## Exercise materials

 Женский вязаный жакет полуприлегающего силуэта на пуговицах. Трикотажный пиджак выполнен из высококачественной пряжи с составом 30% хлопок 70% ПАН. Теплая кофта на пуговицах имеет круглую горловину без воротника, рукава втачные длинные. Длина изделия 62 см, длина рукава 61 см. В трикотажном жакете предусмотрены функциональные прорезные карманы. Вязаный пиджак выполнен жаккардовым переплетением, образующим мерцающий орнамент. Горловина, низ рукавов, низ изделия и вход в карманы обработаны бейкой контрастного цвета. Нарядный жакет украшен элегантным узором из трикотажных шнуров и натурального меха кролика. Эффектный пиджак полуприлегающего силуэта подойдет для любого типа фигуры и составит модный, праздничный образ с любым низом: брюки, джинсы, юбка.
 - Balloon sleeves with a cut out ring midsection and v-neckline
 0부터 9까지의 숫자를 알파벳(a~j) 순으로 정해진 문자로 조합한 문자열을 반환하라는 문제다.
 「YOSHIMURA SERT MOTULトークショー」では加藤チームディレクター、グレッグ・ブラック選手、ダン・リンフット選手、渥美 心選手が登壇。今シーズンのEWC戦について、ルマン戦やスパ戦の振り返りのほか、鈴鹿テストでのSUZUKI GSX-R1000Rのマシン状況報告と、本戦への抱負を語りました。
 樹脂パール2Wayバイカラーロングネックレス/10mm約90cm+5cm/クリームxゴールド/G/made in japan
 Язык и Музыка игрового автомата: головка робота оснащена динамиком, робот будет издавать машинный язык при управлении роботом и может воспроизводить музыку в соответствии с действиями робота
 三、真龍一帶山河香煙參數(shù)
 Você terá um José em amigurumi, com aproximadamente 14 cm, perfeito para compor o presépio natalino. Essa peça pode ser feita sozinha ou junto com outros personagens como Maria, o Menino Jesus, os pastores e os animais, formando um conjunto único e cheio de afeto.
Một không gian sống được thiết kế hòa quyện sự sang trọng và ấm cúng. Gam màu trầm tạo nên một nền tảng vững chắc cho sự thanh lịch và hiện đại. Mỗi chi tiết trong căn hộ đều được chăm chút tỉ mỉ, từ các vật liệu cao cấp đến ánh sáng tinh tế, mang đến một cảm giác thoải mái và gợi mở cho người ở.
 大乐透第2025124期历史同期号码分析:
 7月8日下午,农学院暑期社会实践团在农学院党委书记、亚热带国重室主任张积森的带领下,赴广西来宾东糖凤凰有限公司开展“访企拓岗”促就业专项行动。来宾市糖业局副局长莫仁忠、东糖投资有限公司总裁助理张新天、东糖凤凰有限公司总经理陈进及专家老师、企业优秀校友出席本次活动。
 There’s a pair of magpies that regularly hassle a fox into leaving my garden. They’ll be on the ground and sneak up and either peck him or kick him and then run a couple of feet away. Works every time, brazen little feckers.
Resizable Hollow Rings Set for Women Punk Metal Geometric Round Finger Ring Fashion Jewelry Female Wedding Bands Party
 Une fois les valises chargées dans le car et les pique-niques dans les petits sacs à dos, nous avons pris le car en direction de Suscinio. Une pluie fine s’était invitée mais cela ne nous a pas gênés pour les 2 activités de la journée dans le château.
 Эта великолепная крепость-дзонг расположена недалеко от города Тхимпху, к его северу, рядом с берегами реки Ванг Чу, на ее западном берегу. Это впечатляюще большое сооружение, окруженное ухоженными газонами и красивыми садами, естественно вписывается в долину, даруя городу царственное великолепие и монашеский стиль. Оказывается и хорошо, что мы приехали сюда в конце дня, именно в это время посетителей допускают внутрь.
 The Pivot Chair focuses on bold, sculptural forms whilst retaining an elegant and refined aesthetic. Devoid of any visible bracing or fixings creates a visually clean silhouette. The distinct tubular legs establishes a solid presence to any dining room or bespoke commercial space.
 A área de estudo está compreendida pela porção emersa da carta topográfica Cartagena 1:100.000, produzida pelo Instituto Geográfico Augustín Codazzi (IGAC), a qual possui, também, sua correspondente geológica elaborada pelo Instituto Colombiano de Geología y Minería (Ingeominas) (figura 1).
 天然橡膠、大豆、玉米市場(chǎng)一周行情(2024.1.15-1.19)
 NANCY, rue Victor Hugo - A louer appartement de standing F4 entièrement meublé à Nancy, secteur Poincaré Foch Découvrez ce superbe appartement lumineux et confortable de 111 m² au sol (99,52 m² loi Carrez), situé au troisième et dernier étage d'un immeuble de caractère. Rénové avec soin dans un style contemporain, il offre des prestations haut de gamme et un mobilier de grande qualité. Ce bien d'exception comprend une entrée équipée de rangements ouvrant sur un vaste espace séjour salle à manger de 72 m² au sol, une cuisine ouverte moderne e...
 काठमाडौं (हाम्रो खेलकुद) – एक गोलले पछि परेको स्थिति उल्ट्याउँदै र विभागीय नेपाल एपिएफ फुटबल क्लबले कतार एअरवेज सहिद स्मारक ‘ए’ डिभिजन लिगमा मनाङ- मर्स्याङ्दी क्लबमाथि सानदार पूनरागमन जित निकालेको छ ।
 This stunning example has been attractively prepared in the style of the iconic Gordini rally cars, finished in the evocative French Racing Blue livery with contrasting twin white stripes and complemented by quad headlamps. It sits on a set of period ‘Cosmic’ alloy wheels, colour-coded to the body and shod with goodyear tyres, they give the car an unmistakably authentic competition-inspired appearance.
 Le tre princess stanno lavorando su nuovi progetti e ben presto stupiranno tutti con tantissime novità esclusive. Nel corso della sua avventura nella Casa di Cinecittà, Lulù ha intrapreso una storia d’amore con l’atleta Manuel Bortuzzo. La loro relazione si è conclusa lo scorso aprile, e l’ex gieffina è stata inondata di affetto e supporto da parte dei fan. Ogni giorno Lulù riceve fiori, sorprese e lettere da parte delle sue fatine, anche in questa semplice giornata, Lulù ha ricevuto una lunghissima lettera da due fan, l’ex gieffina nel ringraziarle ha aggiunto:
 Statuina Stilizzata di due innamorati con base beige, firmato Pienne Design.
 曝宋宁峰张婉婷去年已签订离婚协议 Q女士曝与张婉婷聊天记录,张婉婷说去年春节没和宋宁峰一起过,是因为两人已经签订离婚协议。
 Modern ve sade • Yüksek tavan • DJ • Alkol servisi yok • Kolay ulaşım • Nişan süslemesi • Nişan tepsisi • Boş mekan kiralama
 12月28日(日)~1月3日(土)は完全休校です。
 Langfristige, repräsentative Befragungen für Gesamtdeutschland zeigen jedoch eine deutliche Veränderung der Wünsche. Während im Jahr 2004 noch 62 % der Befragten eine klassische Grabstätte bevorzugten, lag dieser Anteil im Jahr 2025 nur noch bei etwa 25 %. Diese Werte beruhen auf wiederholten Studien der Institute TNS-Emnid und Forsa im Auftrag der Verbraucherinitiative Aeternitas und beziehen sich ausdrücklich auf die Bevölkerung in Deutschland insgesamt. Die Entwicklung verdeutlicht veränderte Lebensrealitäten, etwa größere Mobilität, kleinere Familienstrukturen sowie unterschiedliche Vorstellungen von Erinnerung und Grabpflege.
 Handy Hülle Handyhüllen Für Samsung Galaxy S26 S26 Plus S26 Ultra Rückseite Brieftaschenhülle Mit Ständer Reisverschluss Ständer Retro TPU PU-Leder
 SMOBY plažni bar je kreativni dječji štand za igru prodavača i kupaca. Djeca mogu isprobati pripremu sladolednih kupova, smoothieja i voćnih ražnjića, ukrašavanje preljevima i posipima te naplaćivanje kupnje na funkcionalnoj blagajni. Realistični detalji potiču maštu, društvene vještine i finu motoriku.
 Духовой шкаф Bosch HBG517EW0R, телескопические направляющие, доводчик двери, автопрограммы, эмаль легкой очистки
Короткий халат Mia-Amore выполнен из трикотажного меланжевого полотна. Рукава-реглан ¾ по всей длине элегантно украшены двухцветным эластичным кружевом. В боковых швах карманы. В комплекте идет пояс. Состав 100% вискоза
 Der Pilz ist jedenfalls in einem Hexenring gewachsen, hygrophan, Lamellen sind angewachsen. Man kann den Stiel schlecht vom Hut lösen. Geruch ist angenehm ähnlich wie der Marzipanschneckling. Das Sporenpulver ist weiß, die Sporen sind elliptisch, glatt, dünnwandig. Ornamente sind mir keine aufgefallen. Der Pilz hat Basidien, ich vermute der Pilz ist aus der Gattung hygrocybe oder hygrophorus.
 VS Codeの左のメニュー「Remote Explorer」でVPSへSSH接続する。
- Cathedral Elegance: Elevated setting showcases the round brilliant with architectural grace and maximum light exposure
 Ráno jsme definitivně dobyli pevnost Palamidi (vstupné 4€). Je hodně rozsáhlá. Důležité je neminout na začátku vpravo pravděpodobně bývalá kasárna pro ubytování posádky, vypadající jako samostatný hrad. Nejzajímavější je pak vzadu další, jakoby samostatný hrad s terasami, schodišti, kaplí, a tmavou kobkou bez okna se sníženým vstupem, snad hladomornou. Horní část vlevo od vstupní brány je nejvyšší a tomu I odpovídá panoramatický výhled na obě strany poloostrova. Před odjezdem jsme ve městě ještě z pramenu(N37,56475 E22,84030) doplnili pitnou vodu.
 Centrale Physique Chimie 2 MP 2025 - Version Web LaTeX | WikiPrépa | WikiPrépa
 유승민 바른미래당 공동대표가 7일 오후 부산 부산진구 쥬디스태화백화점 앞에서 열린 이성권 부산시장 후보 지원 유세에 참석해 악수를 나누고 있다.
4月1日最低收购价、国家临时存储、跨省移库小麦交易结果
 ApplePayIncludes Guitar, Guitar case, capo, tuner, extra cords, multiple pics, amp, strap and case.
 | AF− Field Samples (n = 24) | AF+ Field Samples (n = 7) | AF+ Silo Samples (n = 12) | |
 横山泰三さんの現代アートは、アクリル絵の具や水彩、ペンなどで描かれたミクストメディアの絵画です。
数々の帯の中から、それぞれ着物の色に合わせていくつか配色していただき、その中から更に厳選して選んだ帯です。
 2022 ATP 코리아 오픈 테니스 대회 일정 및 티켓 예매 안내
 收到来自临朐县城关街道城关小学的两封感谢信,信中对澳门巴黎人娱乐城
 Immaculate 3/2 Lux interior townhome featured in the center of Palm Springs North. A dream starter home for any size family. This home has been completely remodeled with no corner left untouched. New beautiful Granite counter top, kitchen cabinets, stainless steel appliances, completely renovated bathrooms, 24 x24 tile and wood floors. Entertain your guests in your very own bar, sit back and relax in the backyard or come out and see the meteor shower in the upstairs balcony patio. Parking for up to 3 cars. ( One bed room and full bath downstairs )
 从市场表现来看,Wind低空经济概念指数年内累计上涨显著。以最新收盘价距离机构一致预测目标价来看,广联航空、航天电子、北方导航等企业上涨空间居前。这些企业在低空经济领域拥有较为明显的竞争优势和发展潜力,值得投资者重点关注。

## Activity
Extract from the listing above the lines between the line containing "天然橡膠、大豆、玉米市場(chǎng)一周行情(2024.1.15-1.19)" and the line containing "काठमाडौं (हाम्रो खेलकुद)", keeping both of those lines. Output nothing else.

## Answer box
 天然橡膠、大豆、玉米市場(chǎng)一周行情(2024.1.15-1.19)
 NANCY, rue Victor Hugo - A louer appartement de standing F4 entièrement meublé à Nancy, secteur Poincaré Foch Découvrez ce superbe appartement lumineux et confortable de 111 m² au sol (99,52 m² loi Carrez), situé au troisième et dernier étage d'un immeuble de caractère. Rénové avec soin dans un style contemporain, il offre des prestations haut de gamme et un mobilier de grande qualité. Ce bien d'exception comprend une entrée équipée de rangements ouvrant sur un vaste espace séjour salle à manger de 72 m² au sol, une cuisine ouverte moderne e...
 काठमाडौं (हाम्रो खेलकुद) – एक गोलले पछि परेको स्थिति उल्ट्याउँदै र विभागीय नेपाल एपिएफ फुटबल क्लबले कतार एअरवेज सहिद स्मारक ‘ए’ डिभिजन लिगमा मनाङ- मर्स्याङ्दी क्लबमाथि सानदार पूनरागमन जित निकालेको छ ।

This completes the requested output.